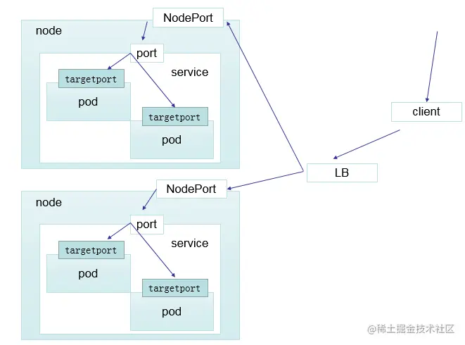 Cluster 外部可以通过 <NodeIP>:<NodePort> 访问 Service。
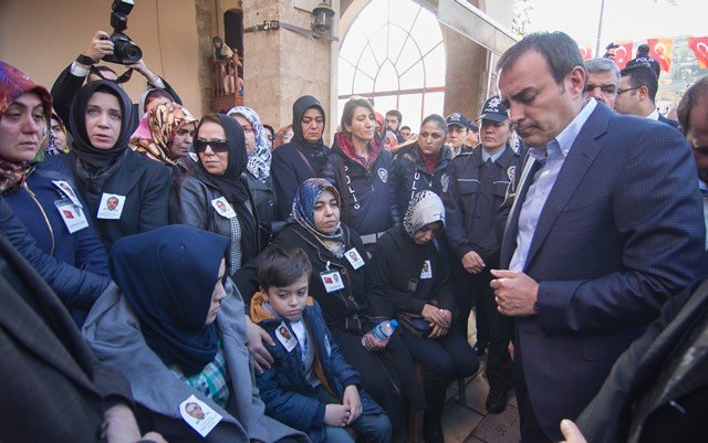 Diyarbakır'ın Sur ilçesinde terör saldırısı sonucu şehit olan polis memuru Ahmet Çiftaslan, Ulu Cami'de kılınan namazın ardından memleketi Kahramanmaraş'ta toprağa verildi. Kültür ve Turizm Bakanı Mahir Ünal (sağda), şehidin eşi Dilek, kızı Mehtap ve oğlu Muhammet Denizhan'a başsağlığı diledi.
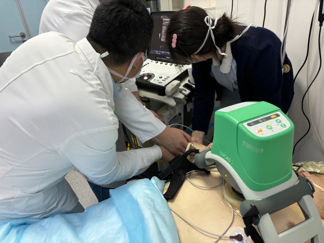作为区域急救核心力量,区中心医院急诊科2024年度ROSC(自主循环恢复)成功率已达48.87%,远超全国平均水平。然而,面对院外心肺复苏普及率低、院内原有抢救条件有限等挑战,建设高标准的独立复苏室成为破局关键。医院积极响应《山东省急诊科建设与管理指南》要求,经科学论证与高效筹备,仅用一周时间完成从方案提交到改建落地的全过程。复苏室为封闭式环境, 配备空气净化系统及重症集成塔台,集成心肺复苏机、除颤仪、呼吸机、床旁超声、亚低温治疗仪等尖端设备,实现急救资源“零距离”协同,为急危重症患者打造“黄金抢救圈”。

———

** What this task involves **
Your answer should contain all the material above, written out exactly, and none of the pictures.

** Answer to this task **
 Cluster 外部可以通过 <NodeIP>:<NodePort> 访问 Service。
 Diyarbakır'ın Sur ilçesinde terör saldırısı sonucu şehit olan polis memuru Ahmet Çiftaslan, Ulu Cami'de kılınan namazın ardından memleketi Kahramanmaraş'ta toprağa verildi. Kültür ve Turizm Bakanı Mahir Ünal (sağda), şehidin eşi Dilek, kızı Mehtap ve oğlu Muhammet Denizhan'a başsağlığı diledi.
作为区域急救核心力量,区中心医院急诊科2024年度ROSC(自主循环恢复)成功率已达48.87%,远超全国平均水平。然而,面对院外心肺复苏普及率低、院内原有抢救条件有限等挑战,建设高标准的独立复苏室成为破局关键。医院积极响应《山东省急诊科建设与管理指南》要求,经科学论证与高效筹备,仅用一周时间完成从方案提交到改建落地的全过程。复苏室为封闭式环境, 配备空气净化系统及重症集成塔台,集成心肺复苏机、除颤仪、呼吸机、床旁超声、亚低温治疗仪等尖端设备,实现急救资源“零距离”协同,为急危重症患者打造“黄金抢救圈”。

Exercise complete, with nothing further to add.